> _Exercise data_:
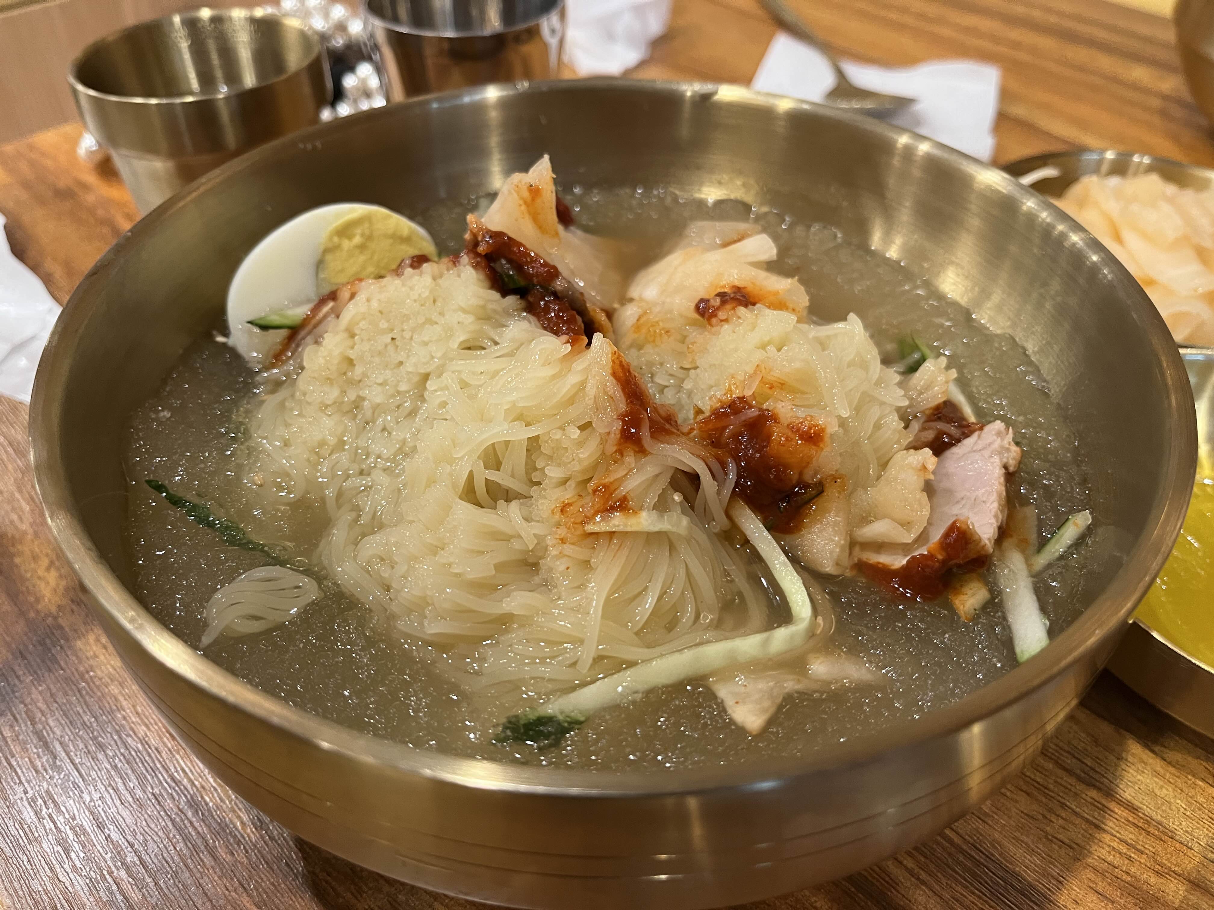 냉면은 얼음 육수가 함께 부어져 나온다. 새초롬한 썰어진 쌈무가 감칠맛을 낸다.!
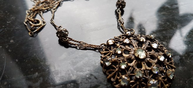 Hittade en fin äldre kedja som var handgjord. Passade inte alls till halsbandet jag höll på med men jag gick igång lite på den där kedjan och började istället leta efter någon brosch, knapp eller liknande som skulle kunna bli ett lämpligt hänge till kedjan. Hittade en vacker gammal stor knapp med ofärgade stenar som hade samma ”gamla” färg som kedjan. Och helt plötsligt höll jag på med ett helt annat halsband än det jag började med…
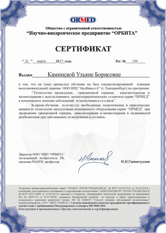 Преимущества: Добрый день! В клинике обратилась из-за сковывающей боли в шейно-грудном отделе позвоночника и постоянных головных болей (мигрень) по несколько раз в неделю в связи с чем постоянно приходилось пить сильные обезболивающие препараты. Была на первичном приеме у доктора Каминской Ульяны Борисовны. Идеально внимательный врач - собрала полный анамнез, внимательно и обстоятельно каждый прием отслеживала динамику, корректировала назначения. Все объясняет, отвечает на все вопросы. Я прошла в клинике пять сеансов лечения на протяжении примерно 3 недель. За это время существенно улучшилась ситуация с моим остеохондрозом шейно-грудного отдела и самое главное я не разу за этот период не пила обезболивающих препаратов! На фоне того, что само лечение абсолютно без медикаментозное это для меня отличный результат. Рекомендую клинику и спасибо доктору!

> _Task to carry out_:
What you hand back should match the listing exactly, except that no pictures appear.

> _Reply_:
 냉면은 얼음 육수가 함께 부어져 나온다. 새초롬한 썰어진 쌈무가 감칠맛을 낸다.!
 Hittade en fin äldre kedja som var handgjord. Passade inte alls till halsbandet jag höll på med men jag gick igång lite på den där kedjan och började istället leta efter någon brosch, knapp eller liknande som skulle kunna bli ett lämpligt hänge till kedjan. Hittade en vacker gammal stor knapp med ofärgade stenar som hade samma ”gamla” färg som kedjan. Och helt plötsligt höll jag på med ett helt annat halsband än det jag började med…
 Преимущества: Добрый день! В клинике обратилась из-за сковывающей боли в шейно-грудном отделе позвоночника и постоянных головных болей (мигрень) по несколько раз в неделю в связи с чем постоянно приходилось пить сильные обезболивающие препараты. Была на первичном приеме у доктора Каминской Ульяны Борисовны. Идеально внимательный врач - собрала полный анамнез, внимательно и обстоятельно каждый прием отслеживала динамику, корректировала назначения. Все объясняет, отвечает на все вопросы. Я прошла в клинике пять сеансов лечения на протяжении примерно 3 недель. За это время существенно улучшилась ситуация с моим остеохондрозом шейно-грудного отдела и самое главное я не разу за этот период не пила обезболивающих препаратов! На фоне того, что само лечение абсолютно без медикаментозное это для меня отличный результат. Рекомендую клинику и спасибо доктору!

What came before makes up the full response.